Last Sunday, the European Central Bank pledged to monetize debts of Italy and Spain. Monday, markets plunged globally. That’s a currency-devaluation. The central bank is promising to increase the supply of currency without a corresponding increase in economic output.

Most blamed S&P’s downgrade of US debt. But the dollar strengthened, and Treasurys increased in value. Why would the diminished instruments be more valuable?

Because that’s not what caused markets to tank.

Last Wednesday the central banks of Japan and Switzerland devalued their currencies. Thursday, August 4, markets plunged. Many blamed debt talks. How, pray tell? That’s an assumption without buttressing facts.

By contrast, we have three profound examples inside one week of the global relationship between currencies. As we noted last week, currency trading volume is over $4 trillion daily. US equities are $100 billion or so, on average.

The tail is wagging the dog. Following the cash – the only commodity that is increasing by leaps and bounds upon the planet – leads us directly to the cause.

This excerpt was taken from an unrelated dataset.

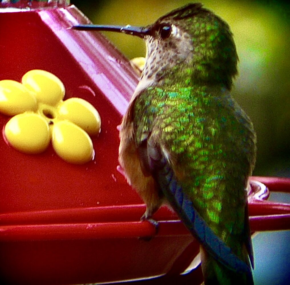 My little hummer buddy followers me everywhere when outside in the garden.. I named her Miss Poppy..I rescued her when she was just a baby was stuck in the feeder or fell asleep on the side bar.
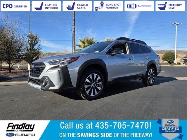 Welcome to Findlay Subaru in St George on the Savings Side of the Freeway. Please contact us at the phone number listed above for any questions that you might have and to check the availability of this vehicle. This Subaru Outback is equipped with the following options:Popular Package #2 (All-Weather Floor Liners, Auto-Dimming Exterior Mirror w/Approach Light, LED Upgrade, Rear Bumper Cover, Rear Seat Back Protector, and Splash Guards), Subaru Certified Pre-Owned Certified, 12 Speakers, 4-Wheel Disc Brakes, ABS brakes, Air Conditioning, Alloy wheels, AM/FM radio: SiriusXM with 360L, Apple CarPlay & Android Auto, Auto High-beam Headlights, Auto-dimming Rear-View mirror, Automatic temperature control, Brake assist, Bumpers: body-color, Compass, Driver door bin, Driver vanity mirror, Dual front impact airbags, Dual front side impact airbags, Electronic Stability Control, Emergency communication system: MySubaru Safety (3-year free trial), Exterior Parking Camera Rear, Four wheel independent suspension, Front anti-roll bar, Front Bucket Seats, Front Center Armrest w/Storage, Front dual zone A/C, Front fog lights, Front reading lights, Fully automatic headlights, Garage door transmitter: HomeLink, harman/kardon® Speakers, Heated door mirrors, Heated Front Bucket Seats, Heated front seats, Heated rear seats, Heated steering wheel, HVAC memory, Illuminated entry, Knee airbag, Leather Shift Knob, Leather steering wheel, Low tire pressure warning, Memory seat, Navigation system: TomTom Navigation w/what3words, Occupant sensing airbag, Outside temperature display, Overhead airbag, Overhead console, Panic alarm, Passenger door bin, Passenger vanity mirror, Perforated Leather-Trimmed Upholstery, Power door mirrors, Power driver seat, Power Liftgate, Power moonroof, Power passenger seat, Power steering, Power windows, Radio: Subaru 11.6"" Multimedia System w/Navigation, Rear anti-roll bar, Rear seat center armrest, Rear window defroster, Rear window wiper, Remote keyless entry, Roof rack, Security system, Speed control, Speed-sensing steering, Split folding rear seat, Spoiler, Steering wheel mounted audio controls, Tachometer, Telescoping steering wheel, Tilt steering wheel, Traction control, Trip computer, Turn signal indicator mirrors, Variably intermittent wipers, and Wheels: 18"" x 7J Black Aluminum-Alloy.

Why do stocks move inversely with the US dollar? The currency that is supposed to reflect the valuable exchange of goods and services is instead being used to compensate for the absence of valuable exchange. When things go up and down relative to denominating currencies rather than intrinsic worth, it’s difficult for anyone to assign proper values to securities.

Why should you care in the IR chair? It’s an object lesson. If you measure your success by the way rational money responds, you are on a bridge to nowhere. We’re seeing rational investment activity plunging yet again. How can investors buy your stock when its value is often controlled by the ying and yang of the yen? Or the dollar. In one major technology company today, the percentage of rational investment activity dipped to 8% of volume. So 92% of its trading is driven by something or somebody else? Yup.

We suggest setting ranges for the amount of program trading, speculation and rational investment in your volume – so you’re measuring overall trading health rather than investment activity. Because unless all of us call for fixed rates of currency exchange so stocks have value driven by business worth rather than European bailouts, it’s not going to change soon.

Assessing what we know about data, it’s logical to think that US equities will continue to appreciate now into options expirations next week. If currencies are leveling out again on all this intervention, money flows to relative value. But with expirations, the relative value might reside somewhere else.

I don’t know about you, but to me this seems…unhealthy.